After about 20 or so rounds of trial and error testing, the script finally works as it should. I set up a cron job to run the script every 15 minutes (PPS policies state that only one ping is allowed within a 7 minute period).
I was done with the getting traffic portion of this experiment and now I’ll just let the whole thing run on auto-pilot. After about two hours, it looks like the script has been performing well. So I decided to just let it do its job for the rest of the day.
Day 8: Obvious problem with the scheduling
I woke up at 5:00am and decided to check out how my experimental splog’s ping has been performing. Lo and behold, half the page was covered with pings from my splog! This is unacceptable because it’s an obvious sign that the pings were automated.
It was entirely my fault though. Even as I exercised due care as to not violate the PPS ping policy, I failed to take into account the average “waking hours” of Malaysians. I have been sending out four pings every hour… even in ungodly hours of the day!
So it’s back to the crontab. Changed the schedule of running my script so that it runs only from Monday to Saturday; at xx:18 and xx:38; where xx is from 9am to 12 midnight.

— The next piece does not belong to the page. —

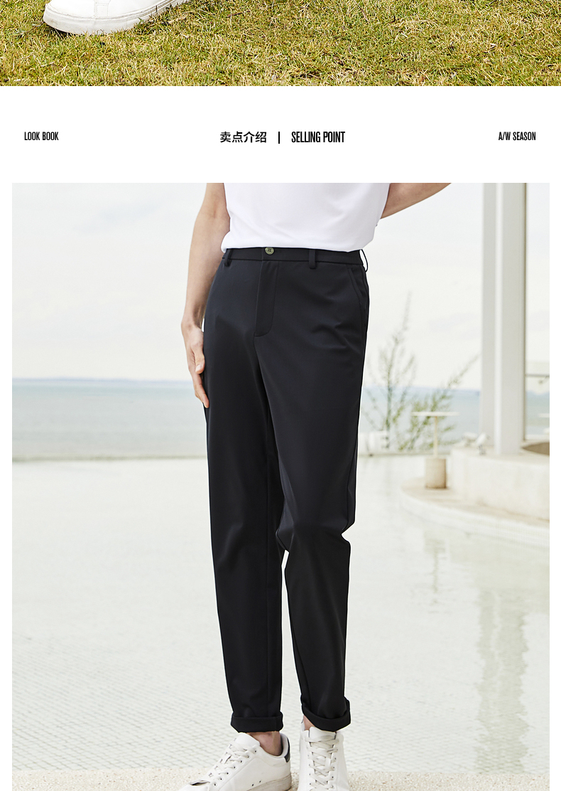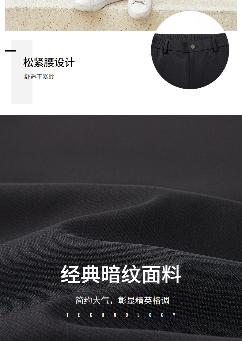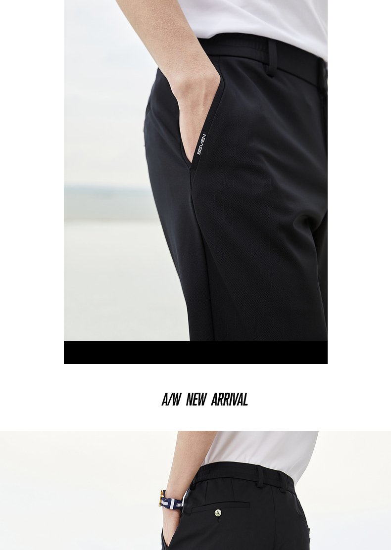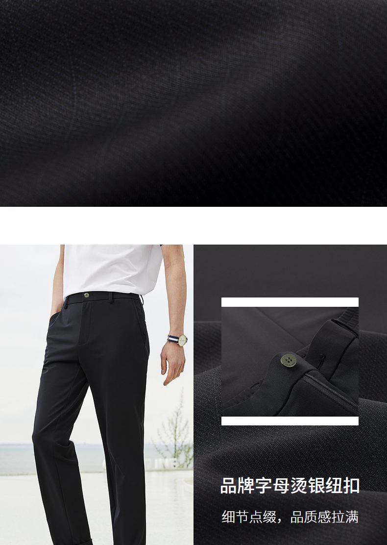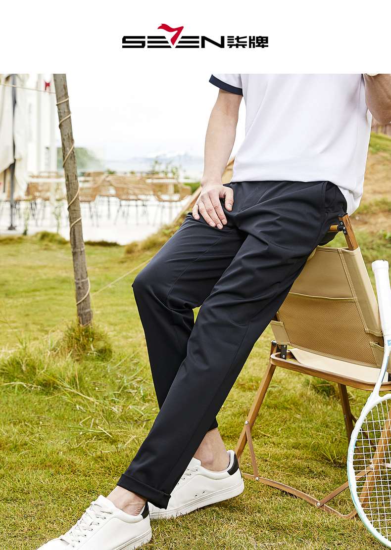 柒牌休闲裤男士春夏新款运动松紧腰中青年暗纹条纹直筒长裤子 124H70170

After 60 days: The conclusion
After running the experimental splog for 60 days from birth, I’m sure you’d be wondering if it had made me a couple of million dollars. I’m happy to tell you that… it didn’t!
I made less than $10 (USD) from my experiment. I can make that much within days from proper web sites, so I’m pretty much disappointed with the results. I’m not disappointed that I didn’t make much money from it… I was really disappointed that people would resort to splogging just for a few dollars.
Maybe I didn’t do the experiment “right”. Maybe my chosen “niche” was not a well-paying one… But from what I’ve seen, splogging was definitely not worth it.
Another surprising thing I discovered was that among the top three search engines, Google indexed the most of my splog’s pages (600 plus pages). Yahoo! was second (indexed 20+ pages), and Live Search only indexed two pages. I’m very suprised with this result especially after all the media coverage Google has been receiving on its war against web spam.
So in the end, all I got was less than $10 and people cursing me for spoiling PPS. Well, I’m sorry that I ruined your PPS experience; but if there’s another conclusion of my experiment, it would be that PPS definitely needs more tender loving care.